== TASK DESCRIPTION ==
Transcribe, starting at the line with "Transforme seu Natal" and ending at the line with "洗面室には、3面鏡の洗面台を", every line of the material below exactly, but leave out the pictures and anything outside that span.

== DATASET RECORDS ==
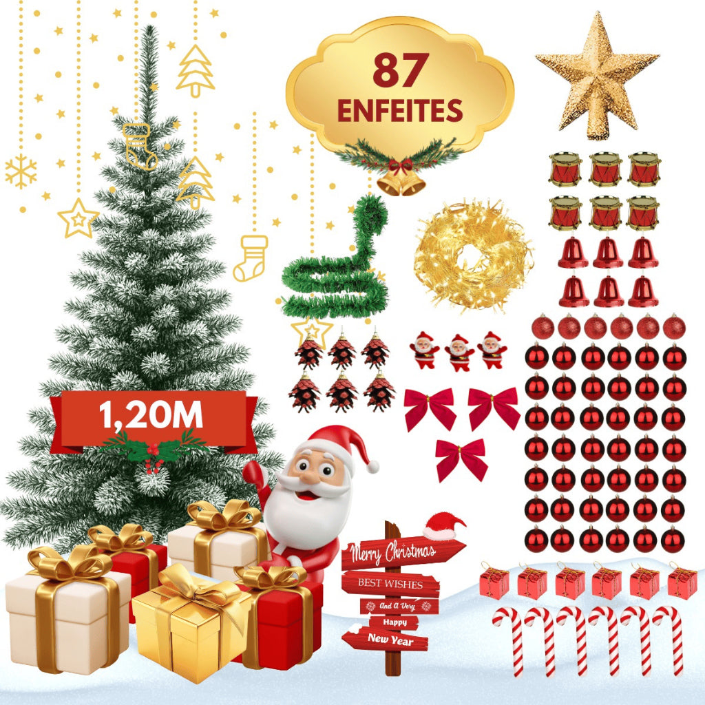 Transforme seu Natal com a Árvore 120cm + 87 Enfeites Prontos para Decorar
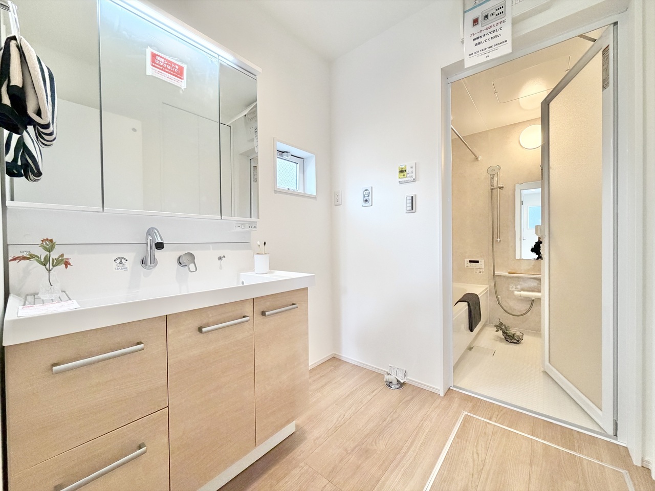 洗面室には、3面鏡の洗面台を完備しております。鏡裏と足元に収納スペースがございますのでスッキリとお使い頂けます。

* * *

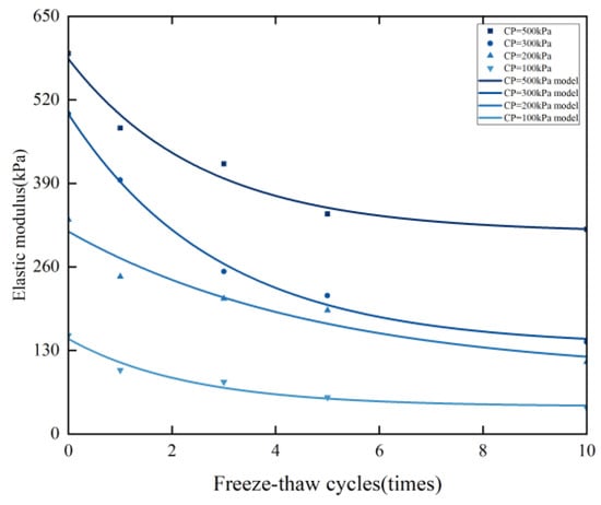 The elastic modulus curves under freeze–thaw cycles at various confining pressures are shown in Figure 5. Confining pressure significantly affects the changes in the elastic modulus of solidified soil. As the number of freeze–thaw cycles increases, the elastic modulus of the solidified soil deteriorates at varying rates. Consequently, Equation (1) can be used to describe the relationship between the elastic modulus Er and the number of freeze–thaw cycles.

== ANSWER ==
 Transforme seu Natal com a Árvore 120cm + 87 Enfeites Prontos para Decorar
 洗面室には、3面鏡の洗面台を完備しております。鏡裏と足元に収納スペースがございますのでスッキリとお使い頂けます。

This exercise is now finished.